Birchmeier W, Singer S J
J Cell Biol. 1977 Jun;73(3):647-59. doi: 10.1083/jcb.73.3.647.
In the preceding paper (Sheetz, M. and S.J. Singer. 1977. J Cell Biol. 73:638-646) it was shown that erythrocyte ghosts undergo pronounced shape changes in the presence of mg-ATP. The biochemical effects of the action of ATP are herein examined. The biochemical effects of the action of ATP are herein examined. Phosphorylation by ATP of spectrin component 2 of the erythrocyte membrane is known to occur. We have shown that it is only membrane protein that is significantly phosphorylated under the conditions where the shape changes are produced. The extent of this phosphorylation rises with increasing ATP concentration, reaching nearly 1 mol phosphoryle group per mole of component 2 at 8mM ATP. Most of this phosphorylation appears to occur at a single site on the protein molecule, according to cyanogen bromide peptide cleavage experiments. The degree of phosphorylation of component 2 is apparently also regulated by a membrane-bound protein phosphatase. This activity can be demonstrated in erythrocyte ghosts prepared from intact cells prelabeled with [(32)P]phosphate. In addition to the phosphorylation of component 2, some phosphorylation of lipids, mainly of phosphatidylinositol, is also known to occur. The ghost shape changes are, however, shown to be correlated with the degree of phosphorylation of component 2. In such experiment, the incorporation of exogenous phosphatases into ghosts reversed the shape changes produced by ATP, or by the membrane-intercalating drug chlorpromazine. The results obtained in this and the preceding paper are consistent with the proposal that the erythrocyte membrane possesses kinase and phosphates activities which produce phosphorylation and dephosphorylation of a specific site on spectrin component 2 molecules; the steady-state level of this phosphorylation regulates the structural state of the spectrin complex on the cytoplasmic surface of the membrane, which in turn exerts an important control on the shape of the cell.
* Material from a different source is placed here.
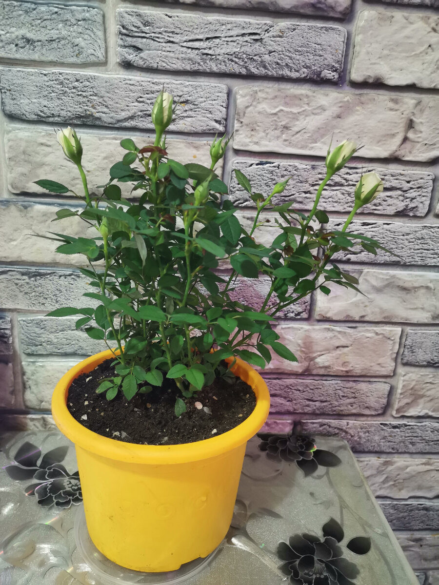 Вот эту розу, я купила 30.08.2021 в супермаркете. Об этом радостном событии я рассказала тут Вот так она выглядит сейчас 04.10.2021. Листики конечно не такие темные как были сначала, но это нормально для домашней розы. Набрала бутоны и собралась цвести, но я ей этого не дам, потому что буноны мелкие, а значит сил у нее маловато. Вот на новых побегах видно малюсенькие бутончики.Моя задача ,чтобы роза хорошо развивалась, и поэтому все завязи я обрежу. У этой розы выжили все четыре кустика, на остальных есть потери. В целом с белой розой всё хорошо🙏 А это розочки которые я купила позже, вот видео о них смотрите здесь Это розовая с белым . Было три кустика , два погибли один выжил. Но не бывает без потерь, главное хоть одна осталась. Сейчас эти сухие пеньки обрежу, ворошить, я её не буду. А это ярко розовая. Было четыре черенка ,один погиб. Тоже срежу его под корень, а весной планирую их соединить в один горшок. Буду дальше заботиться о своих красавицах, и ждать полноценного цветения.
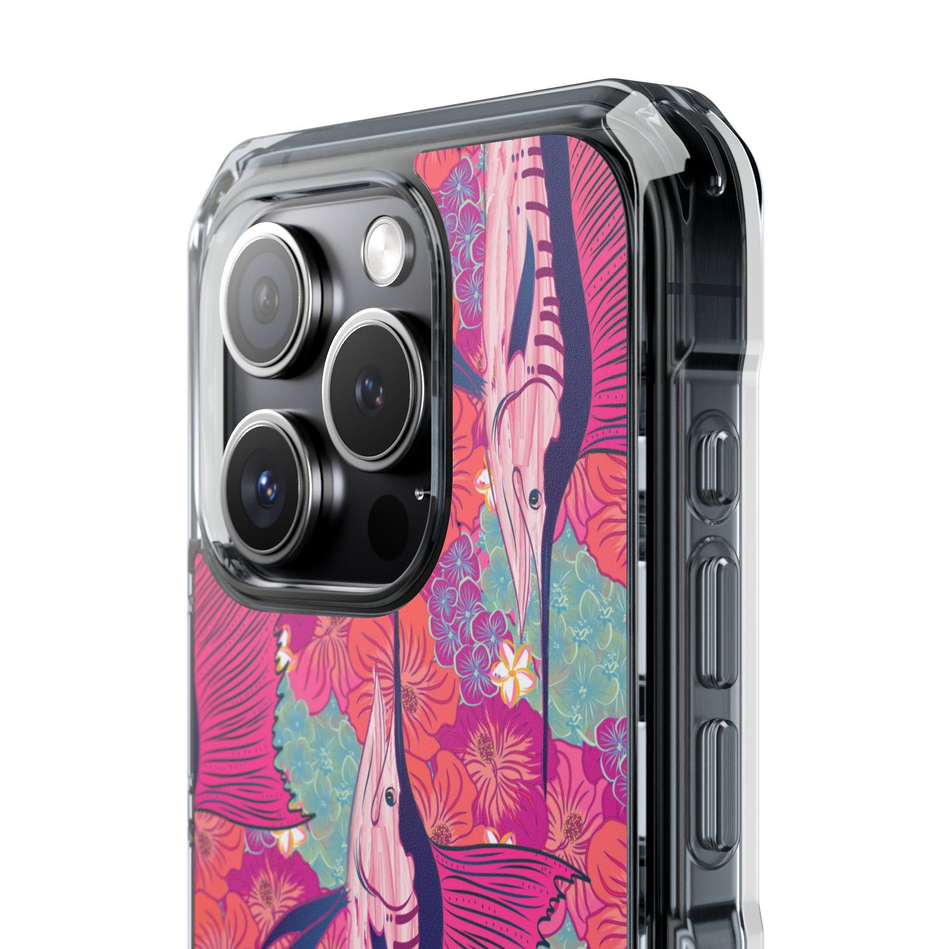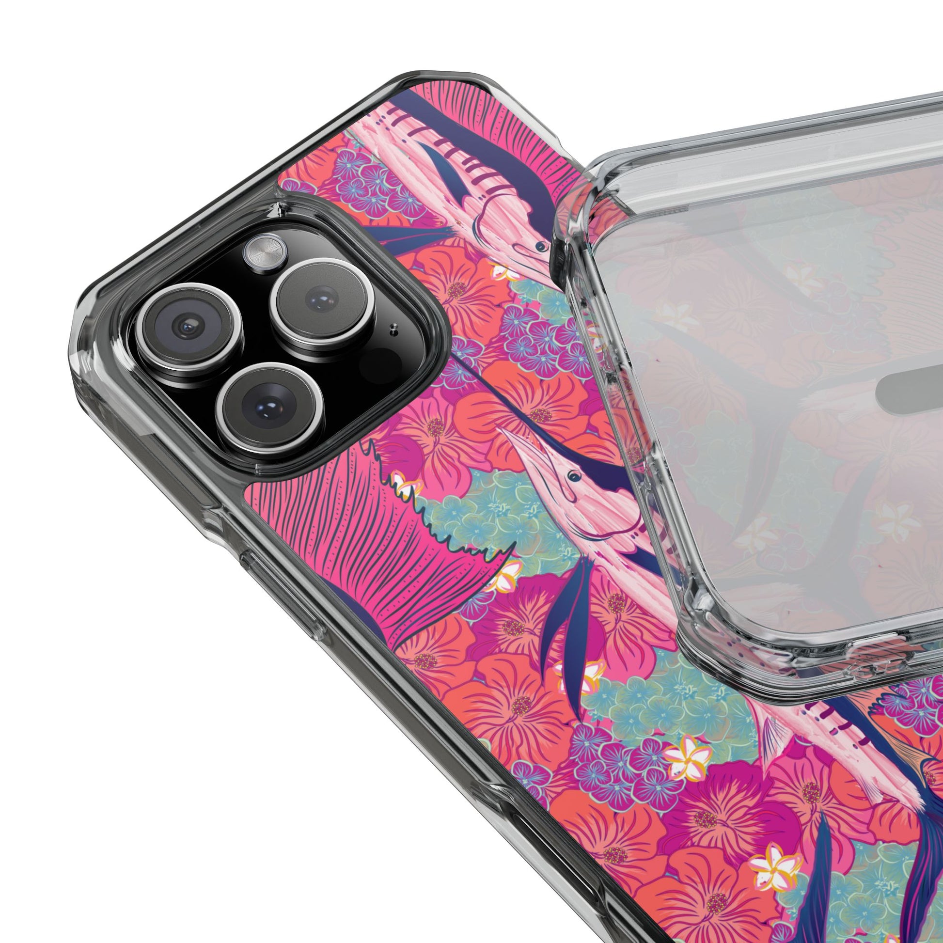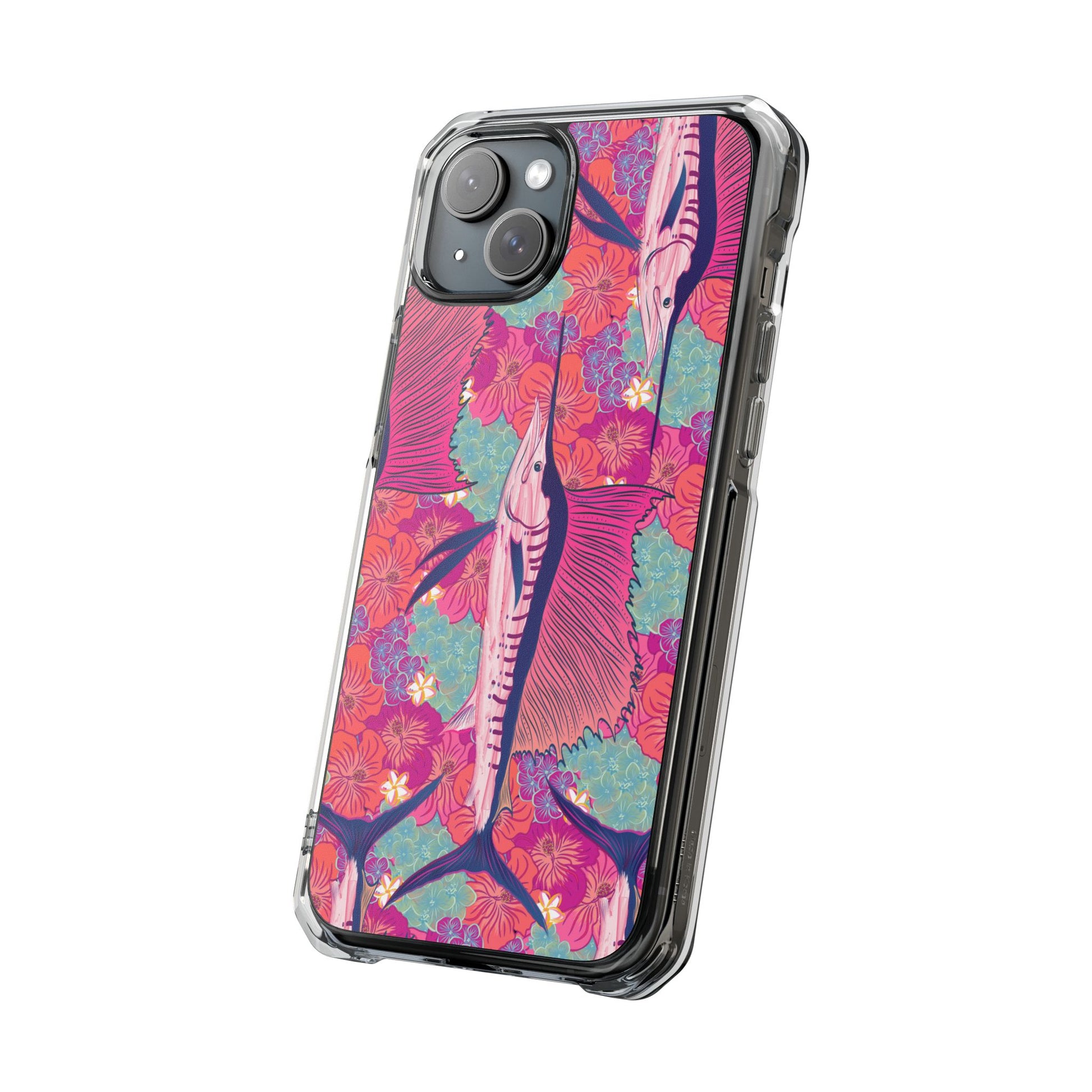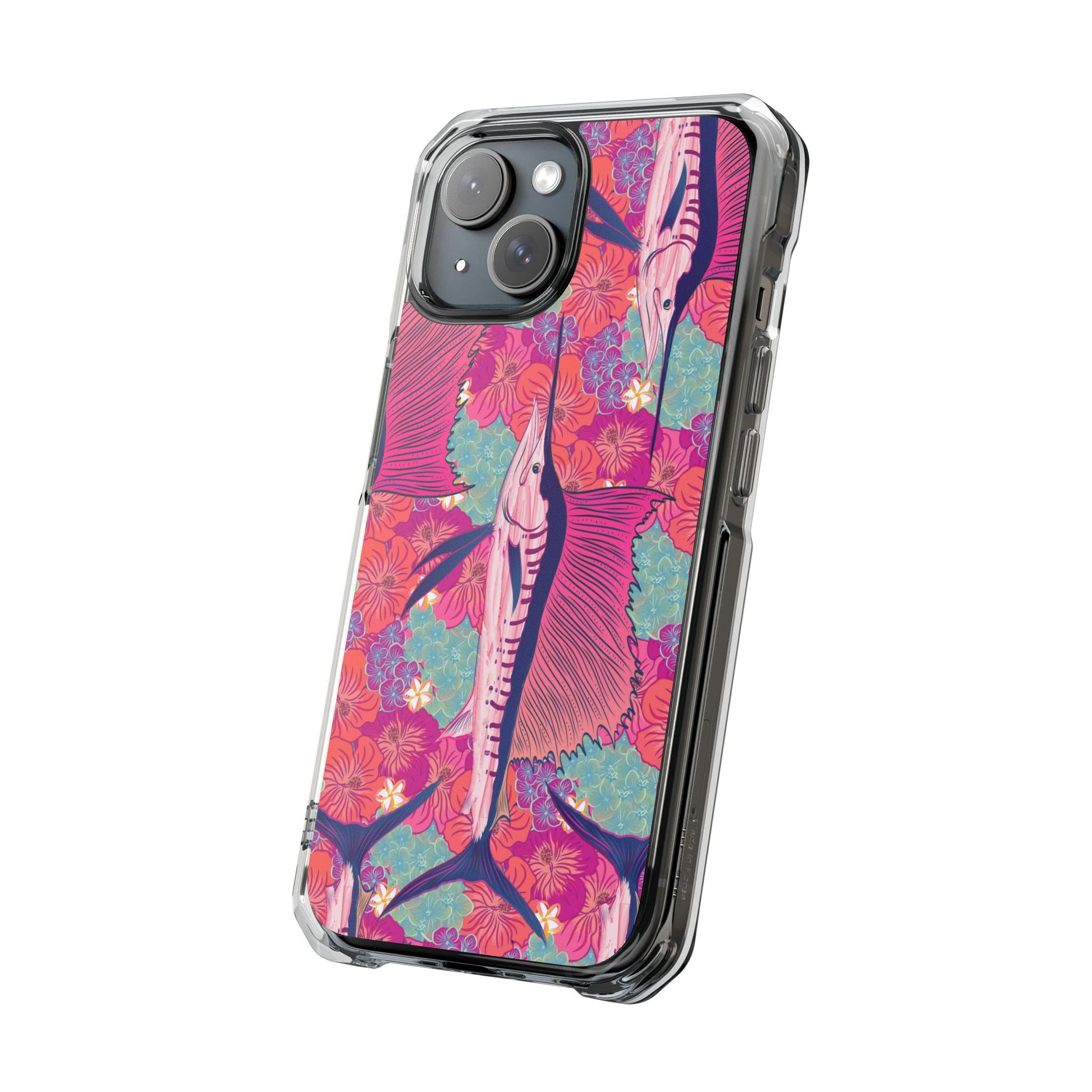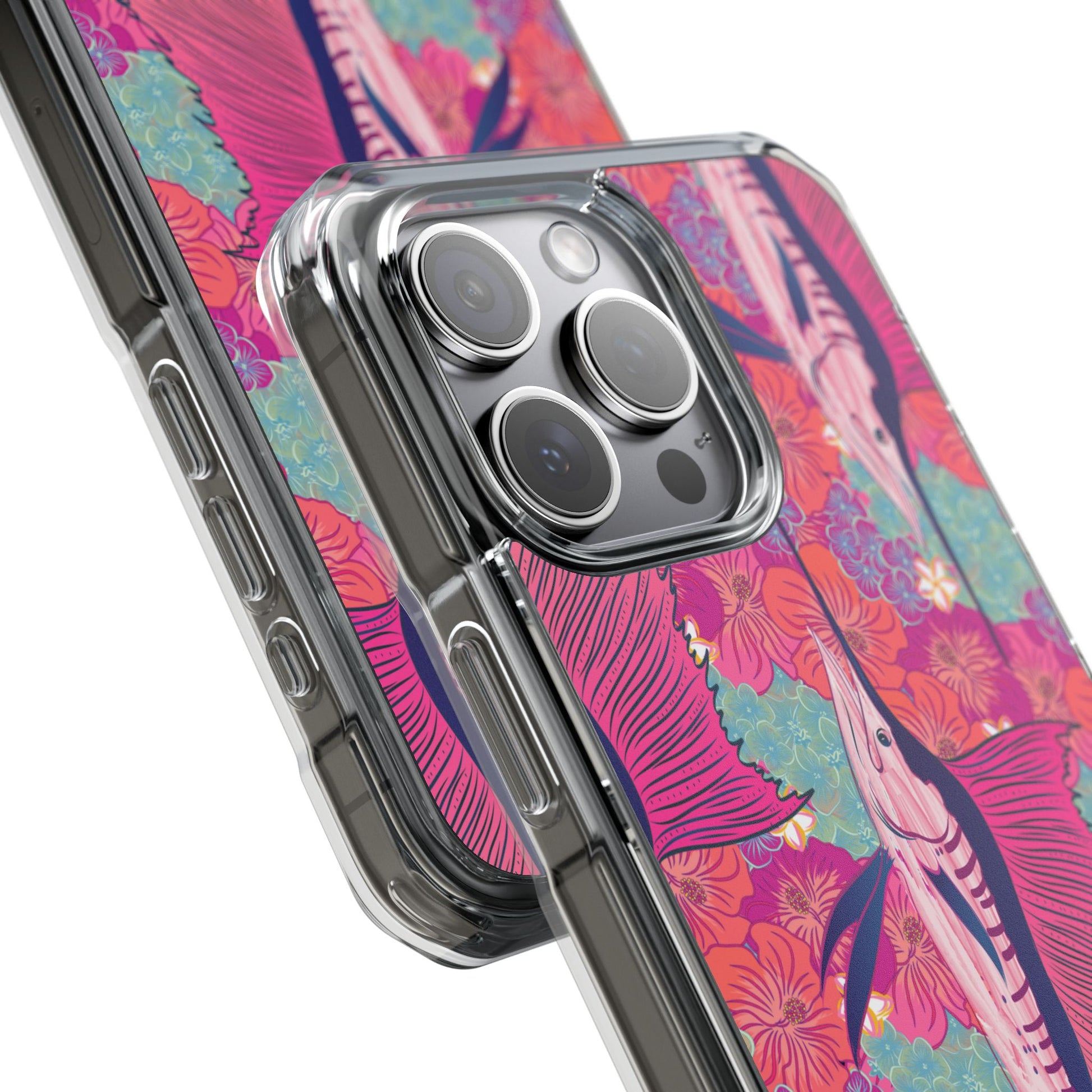 Watercolor pink sailfish over hibiscus Magnetic Clear Impact Cases

在前一篇论文中(Sheetz, M. 和 S.J. Singer. 1977. 《细胞生物学杂志》73:638 - 646)已表明,红细胞血影在Mg - ATP存在的情况下会发生显著的形状变化。本文研究了ATP作用的生化效应。已知红细胞膜的血影蛋白成分2会被ATP磷酸化。我们已表明,在产生形状变化的条件下,只有膜蛋白会被显著磷酸化。这种磷酸化程度随ATP浓度增加而升高,在8mM ATP时,每摩尔成分2接近1摩尔磷酸基团。根据溴化氰肽裂解实验,这种磷酸化大部分似乎发生在蛋白质分子的单个位点上。成分2的磷酸化程度显然也受一种膜结合蛋白磷酸酶的调节。在用[(32)P]磷酸盐预标记的完整细胞制备的红细胞血影中可证明这种活性。除了成分2的磷酸化外,还已知一些脂质(主要是磷脂酰肌醇)也会发生磷酸化。然而,血影形状变化与成分2的磷酸化程度相关。在这样的实验中,将外源磷酸酶掺入血影可逆转由ATP或膜嵌入药物氯丙嗪产生的形状变化。在本文和前一篇论文中获得的结果与以下观点一致:红细胞膜具有激酶和磷酸酶活性,它们使血影蛋白成分2分子上的特定位点发生磷酸化和去磷酸化;这种磷酸化的稳态水平调节膜细胞质表面血影蛋白复合物的结构状态,进而对细胞形状施加重要控制。